便聽到鍾逸軒又喊了一嗓子,「豆腐腦要甜的,記住了。」
方既白便瞥了鍾逸軒一眼,甜豆腐腦的異端。
「昨天霞飛區同德坊出事了,你曉得伐?」鍾逸軒一屁股坐在餐桌邊,咬了一口油條,又拿起茶杯,喝了一口過夜涼茶,抹了抹嘴巴說道。
「這事我曉得。」方既白點了點頭,「當時我正在法租界找小盧有事情,那槍響得震天。」「你當時在法租界?」鍾逸軒看了方既白一眼,身體前傾,壓低了聲音,「這事不會和你有關係吧。」「放屁!」方既白臉色一沉,壓著嗓子說道,「這件事和紅匪有關,你再亂講話,我撕爛你的嘴。」「怪我,怪我,亂講話。」鍾逸軒看到方既白罕見的嚴厲樣子,立刻意識到自己說錯話了,對於溫炳章這樣的國黨軍官來說,紅黨可不是真正意義上的友軍,絕對不能沾染半點。
他拍了拍自己的嘴巴。
「特高課本是要誘捕紅黨的,卻沒成想遭了紅黨的暗算,他們死傷慘重,幾乎可以說是全軍覆沒。」方既白低聲道,「北村直樹勃然大怒,他最器重的少壯派軍官白石秀傑也死了。」
鍾逸軒看了方既白一眼,注意到方既白此時稱呼「紅黨』,而方才嚴厲怒斥時候說的「紅匪』,他立刻明白自己方才那玩笑話確實是激怒了自己的組長。

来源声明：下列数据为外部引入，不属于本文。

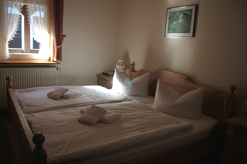 Im Landhausstil mit Echtholzmöbeln und stilvollen Bildern. 2 Schlafzimmer mit Doppelbett und Uhren-Weckradio.
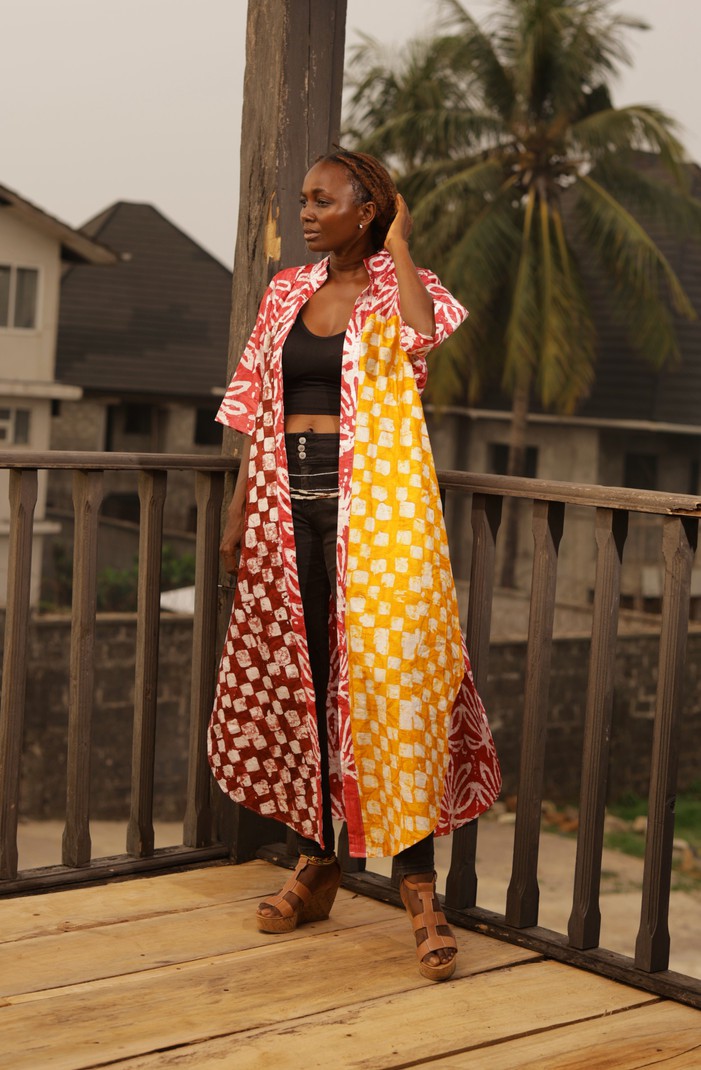 Femme Vestes et Manteaux Vestes longues name_fr: Lâche name_fr: Or name_fr: Pour Elle name_fr: Batik name_fr: Bazin

「白石秀傑這個人我聽說過。」他點了點頭,說道,「是個很狡猾的特高課少壯派軍官。」「當時我隨同福山英治一起去了現場查勘。」方既白低聲道,「日本人認為是霞飛巡捕房的一個叫吳邦彥的巡捕幹得,後續怎麼樣了?有那個吳邦彥的消息嗎?」
也就在這個時候,陳阿四也洗漱完畢出來了。
看到鍾逸軒他揮手打了個招呼,扯了一把椅子坐下。
「找到人了,應該不是吳邦彥。」鍾逸軒說道,「吳邦彥和那個安南巡捕,還有那個叫小丁的華捕在景雲里附近的一條河邊的蘆葦叢被發現的。」
「蘆葦叢?」方既白問道,「怎麼回事?」
「這事情在巡捕房內部已經傳開了。」鍾逸軒說道,「據吳邦彥所講,他在上茅廁的時候被人偷襲了,有人偷襲了他們三個人,然後把他們打昏過去了,後面的事情他們也不知道。」
「你是不曉得。」鍾逸軒嘆息一聲,「三個倒霉的傢伙被藏進河邊的蘆葦叢,是被活生生凍醒的,嘴巴又被堵住,手腳也被捆住動彈不得。」
「要不是發現及時,要是在那蘆葦叢待一晚上,說不得要凍出個好歹。」
「三個巡捕,被人偷襲,對方幾個人?」方既白皺眉,問道。
「據說是就一個人,反正吳邦彥說是對方只有一個人。」鍾逸軒說道,「那個安南巡捕背了一桿毛瑟1898,也就是後來被拿來伏擊日本人的那桿槍。」
「看來是個狠角色啊。」方既白摩挲著下巴,表情凝重說道,「一個人偷襲了三個巡捕,繳獲了長槍,最後還拿著這桿槍伏擊了特高課的行動組,幹掉了十幾個特高課特工。」
「這簡直就是常山趙子龍啊。」陳阿四在一旁讚嘆說道。
「誰說不是呢。」鍾逸軒一拍大腿,「巡捕房內部都傳瘋了,都說紅黨什麼時候出了這麼一個上山虎,以後要小心了。」
方既白的面色凝重,他咬了一口大餅香肉,似是在思索著什麼。
「怎麼了?」鍾逸軒問道。
這麼多日本人被幹掉了,還包括那個特高課組長白石秀傑,這不是一件值得高興的事情麼?「紅匪有能人啊。」方既白皺著眉頭,有些憂心v忡忡地嘆了一口氣,說道。